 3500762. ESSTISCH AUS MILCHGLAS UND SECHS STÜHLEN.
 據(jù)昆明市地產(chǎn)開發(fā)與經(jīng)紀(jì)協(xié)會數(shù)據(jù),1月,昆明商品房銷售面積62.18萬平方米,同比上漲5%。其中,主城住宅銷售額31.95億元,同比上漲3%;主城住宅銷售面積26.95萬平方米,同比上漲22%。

---

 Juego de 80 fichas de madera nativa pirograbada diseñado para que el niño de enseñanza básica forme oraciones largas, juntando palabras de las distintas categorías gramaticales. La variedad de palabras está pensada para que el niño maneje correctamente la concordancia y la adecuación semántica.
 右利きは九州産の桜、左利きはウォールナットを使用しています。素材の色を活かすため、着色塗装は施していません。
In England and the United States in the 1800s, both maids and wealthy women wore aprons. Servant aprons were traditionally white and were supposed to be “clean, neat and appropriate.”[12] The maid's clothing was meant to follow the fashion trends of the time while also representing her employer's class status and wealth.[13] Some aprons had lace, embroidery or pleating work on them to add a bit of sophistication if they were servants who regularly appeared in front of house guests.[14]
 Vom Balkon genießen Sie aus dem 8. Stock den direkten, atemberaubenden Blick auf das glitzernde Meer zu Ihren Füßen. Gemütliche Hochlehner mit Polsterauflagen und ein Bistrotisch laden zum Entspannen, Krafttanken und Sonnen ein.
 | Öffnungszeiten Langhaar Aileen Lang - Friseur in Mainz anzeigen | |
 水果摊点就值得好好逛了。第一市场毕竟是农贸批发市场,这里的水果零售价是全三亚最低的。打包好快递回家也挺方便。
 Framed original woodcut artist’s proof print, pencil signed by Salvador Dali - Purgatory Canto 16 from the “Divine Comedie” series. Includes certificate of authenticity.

---

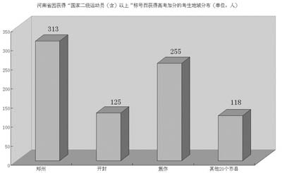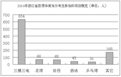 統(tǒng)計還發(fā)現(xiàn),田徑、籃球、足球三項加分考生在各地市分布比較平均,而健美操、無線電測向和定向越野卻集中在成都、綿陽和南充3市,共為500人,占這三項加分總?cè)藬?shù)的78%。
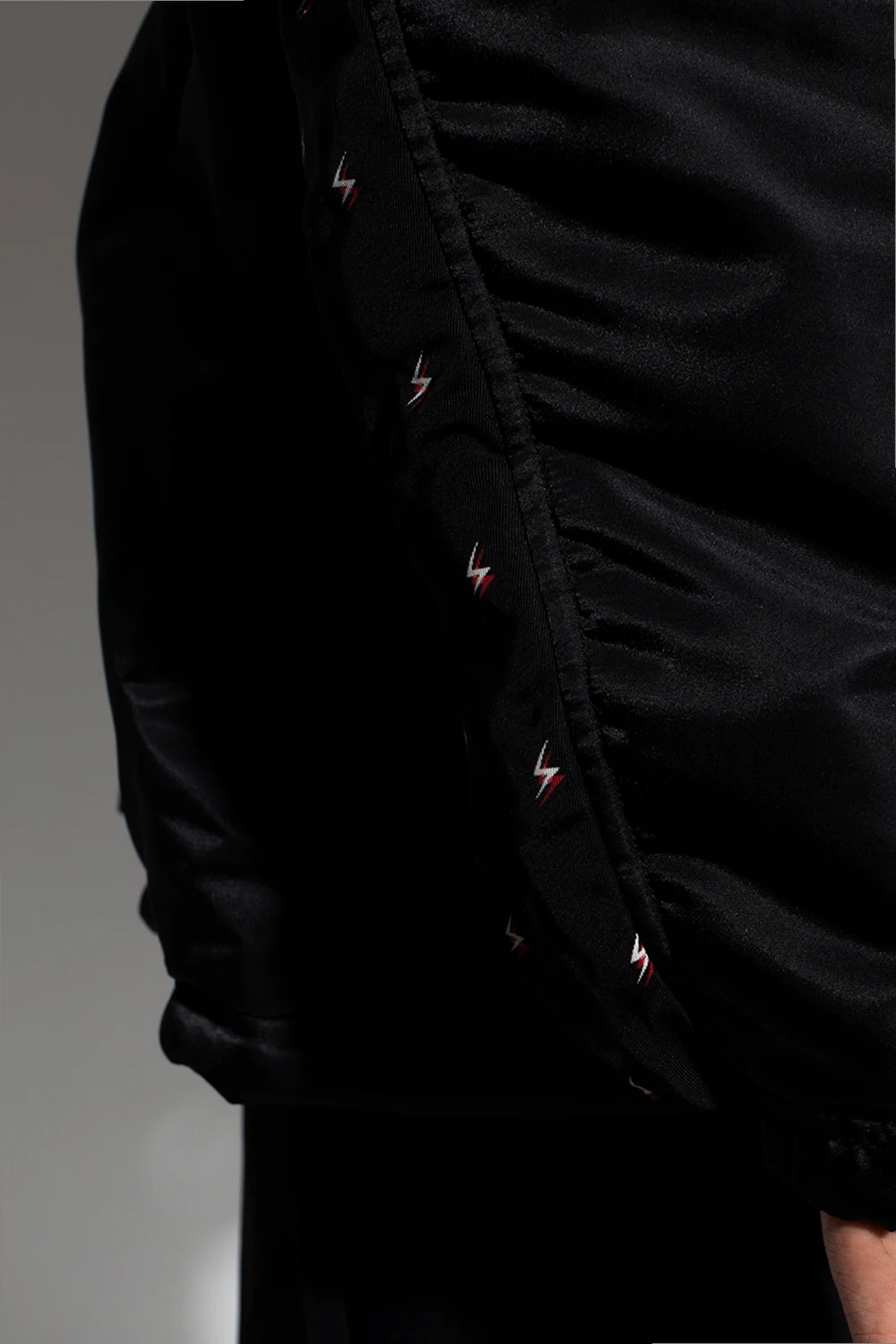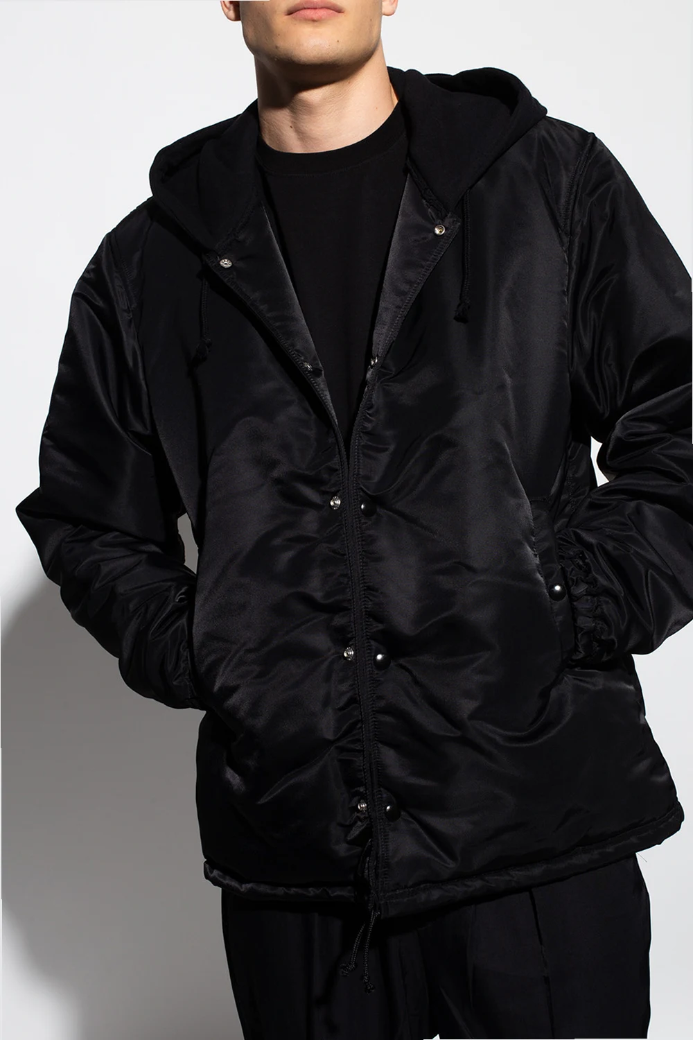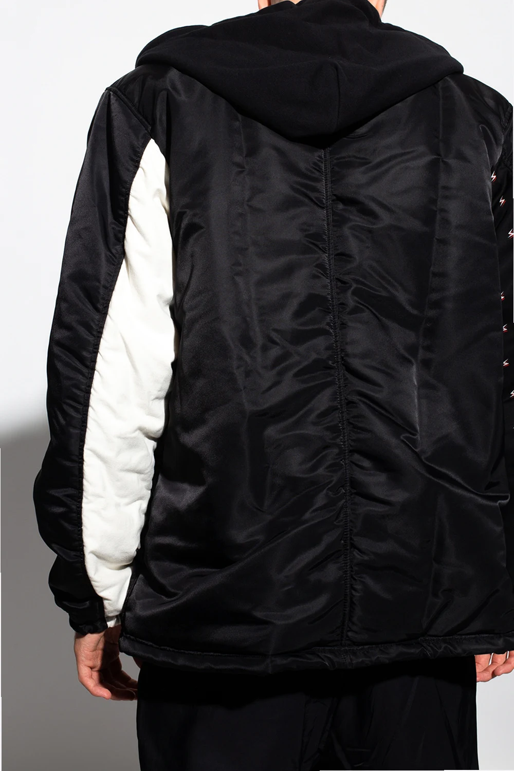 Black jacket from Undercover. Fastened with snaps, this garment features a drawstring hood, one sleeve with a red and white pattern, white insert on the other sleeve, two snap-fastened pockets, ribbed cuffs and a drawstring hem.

What is needed — Would you print exactly, and only, the lines of the data above from the line with "水果摊点就值得好好逛了。第一" through the line with "Framed original woodcut", inclusive?

Exercise answer —
 水果摊点就值得好好逛了。第一市场毕竟是农贸批发市场,这里的水果零售价是全三亚最低的。打包好快递回家也挺方便。
 Framed original woodcut artist’s proof print, pencil signed by Salvador Dali - Purgatory Canto 16 from the “Divine Comedie” series. Includes certificate of authenticity.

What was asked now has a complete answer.